And then I. Live in their world and speak their language. And so that’s what I literally, it’s about going [00:07:00] to lunch and dinner and there’s a lot that can happen at lunch and dinner that can’t happen in an email or just a PowerPoint presentation,
James Geyer: Yeah, put, yeah. We talked about your business model a little bit.
We talked about your definition of RevOps, like creating the ideal customer journey to put it into my work. Maybe not yours necessarily. Yeah. There’s probably so much for you to do. What are the most impactful things for you to focus on in light of the business model in, in your goals?
And like, what are some initiatives that you’re enabling?
Mark Whitlock: Yeah. it’s all about getting results and showing people the results of it. So I started out with, developing the story and the purpose and over time, I took time to communicate that.
’cause I knew it was gonna be conceptually hard for people to maybe, to understand, but, and how it would change their world. But then what I’m doing now is we’re really taking individual teams and doing focused work with those teams where we’re just, Going through and documenting the processes, understanding where they’re having frustrations, where there’s friction between teams and misunderstandings, and really getting back to the basics of why are we doing what, like why are you doing what that like that activity [00:08:00] is.

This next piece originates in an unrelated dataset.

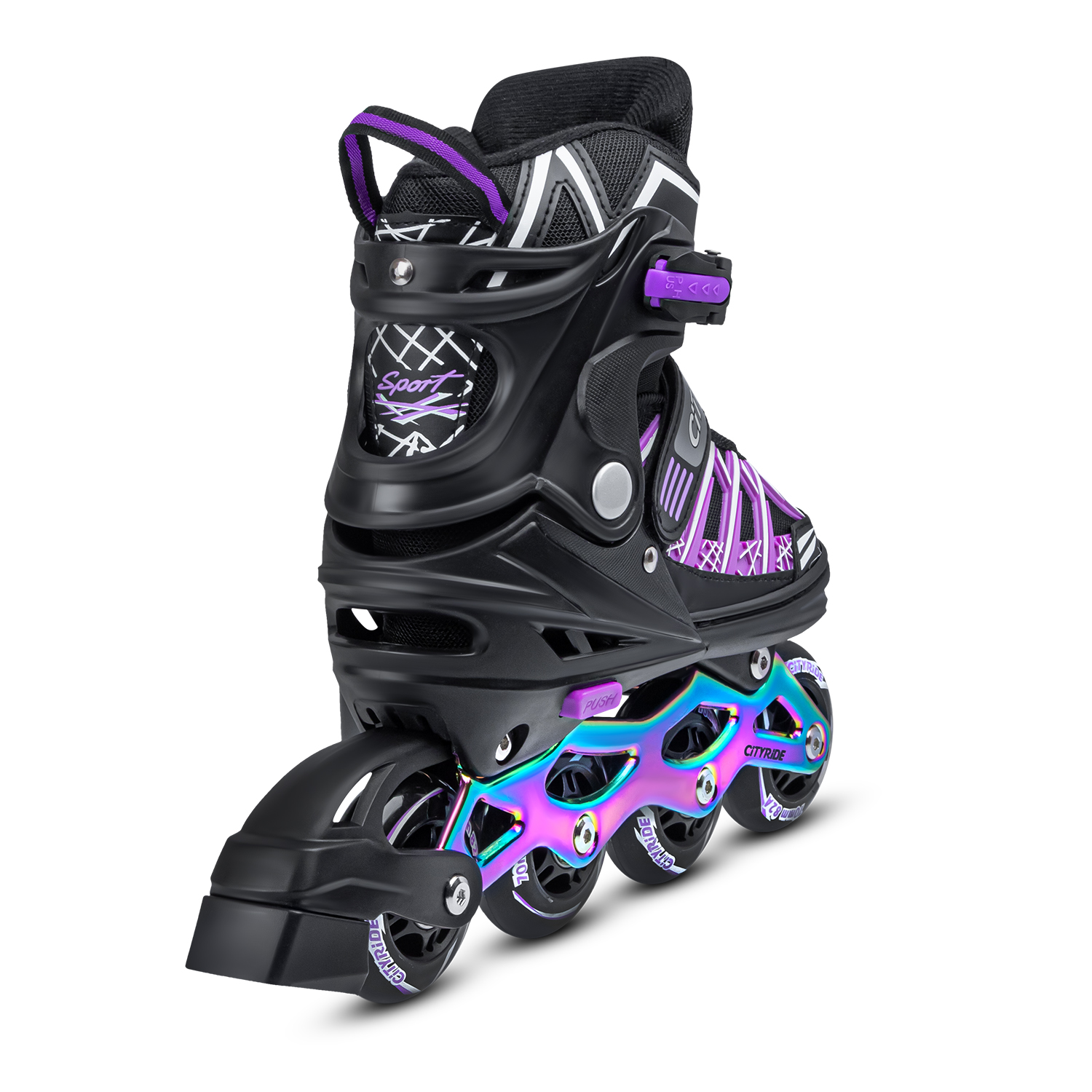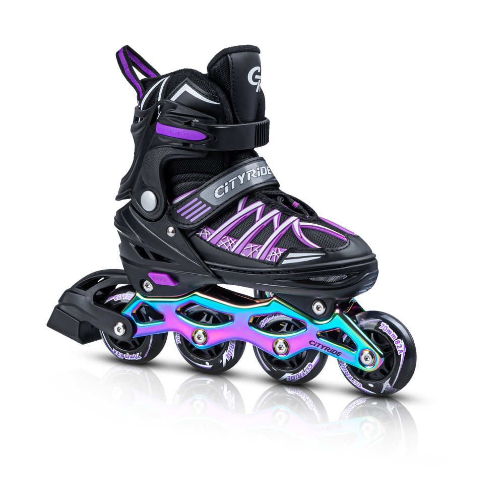 Роликовые коньки CITYRIDE, Черный-фиолетовый, PU колеса, переднее колесо со светом, подшипники ABEC 7, анодированная алюминиевая рама, текстильный мысок с резиновыми вставками, в/к 5сл гофрокартон

That’s like the central question of always almost the Simon Sinek thing of like, why, and by asking that it’s I have no idea why I’m doing it. And then we can go back to the other teams and the salespeople who are driving that request and asking them like, why is that important? And then a lot of times it’s not, or it’s like we don’t really care about it.
So then it’s about eliminating, simplifying, and then automating. But at the end of the day, we’re trying to figure out what that why is for a 40-year-old company, 45-year-old company, re-asking the whys But then aligning it back to the customer experience.
James Geyer: Yeah, that’s great. The why having a bias towards like reduction of complexity and elimination, I think is such a good framework for that.
Mark Whitlock: And I think it goes into one of your other questions that you maybe have is like, why are we doing it? So we really see, especially in I would say, we’re in a pivotal role in our company where we’re transitioning a lot of things in the company from ownership to other things.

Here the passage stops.